About Sweetnam Psychology

Taylor Sweetnam | Clinical Psychologist

Gold Coast QLD | Northern Rivers NSW | Telehealth

I'm Taylor, a clinical psychologist on the Gold Coast and Northern Rivers.

I work with people who have learned to manage on a surface level. For the most part, their emotions are kept in check, their image is upheld, they’re holding down a job, and their relationships are going okay. Externally, they look like they’re doing well, and nobody stops to ask if that's actually how they feel on the inside.

Internally, many of the patients I see are experiencing anxiety, low mood, relationship patterns that keep repeating, low self-esteem, difficulty with boundaries or knowing their own needs, or a persistent sense of not quite knowing what they want or who they are.

Somewhere along the way they've lost touch with what they actually feel and what they actually want. No amount of thinking, striving, or holding it together has shifted it.

Something underneath isn't working.

Therapy is where we get to explore that and move through it.

About Me

I view my work as a psychologist as an extraordinary privilege. In session I am often entrusted with parts of people that they rarely (if ever) share with anyone else. I do not take this lightly, and I aim to honour the bravery it takes to reveal these protected pieces of yourself.

If you’re seeking a psychologist who values depth, focus, attunement and direct communication, then you may have found the right place. My style is active and direct. I'll notice things as they happen between us and name them. I'll gently interrupt when something important is being talked around, and bring us back to it. Sometimes more than once. This isn't passive therapy. We work together, in real time, in the room.

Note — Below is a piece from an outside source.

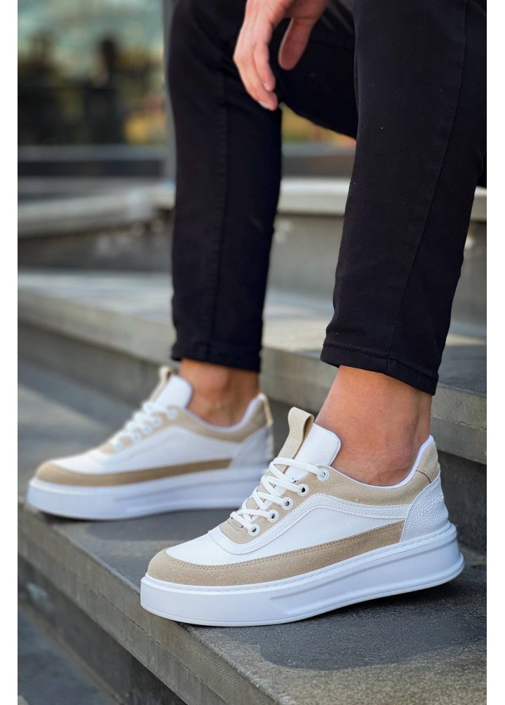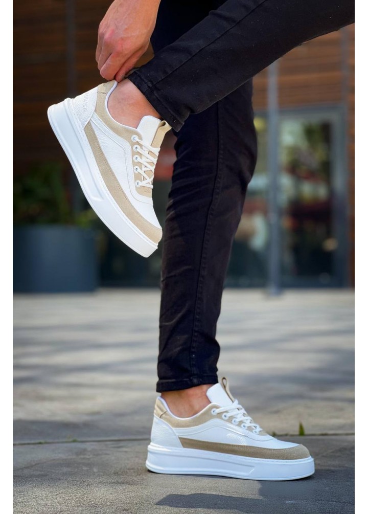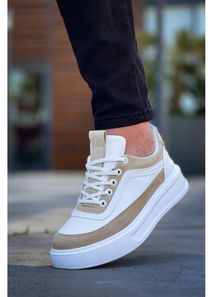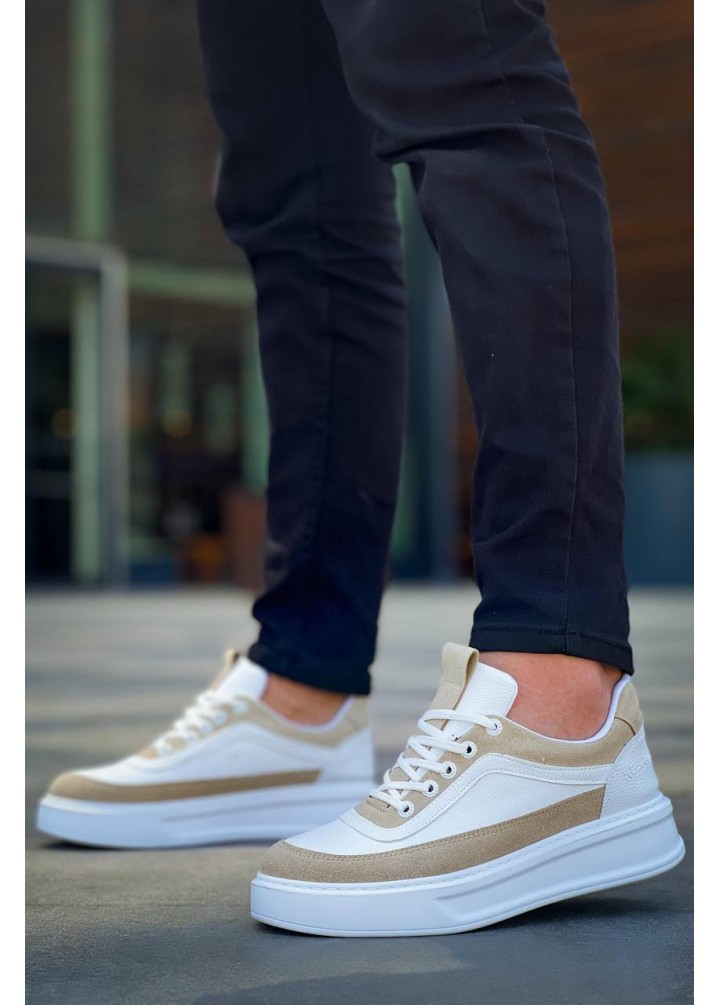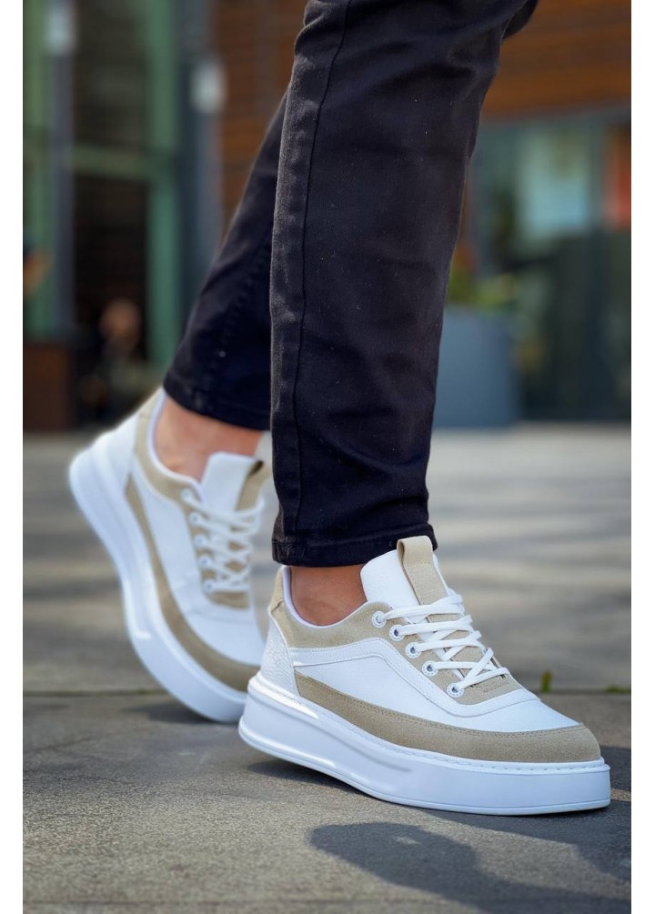 KB-006 Kuback Beyaz Cilt Bej Süet Yüksek Taban Bağcıklı Günlük Erkek Ayakkabı

I specialise in supporting high-functioning adults navigating anxiety, relationship difficulties, attachment traumas, and significant life transitions. Many of the people I work with seek help with emotional regulation, low self-worth, an overactive inner critic, or challenges with boundaries and communication in their relationships. 

I believe that healing is a human process, not a clinical one. Together, whether our work is brief or long-term, we build something genuine. A real relationship that becomes a template for the ones you want outside of it. One where the mask of stoicism and polite perfection gets to come off. A place to share real and difficult emotions, explore secure attachment, and practice authentic communication that supports healthier relationships outside of therapy.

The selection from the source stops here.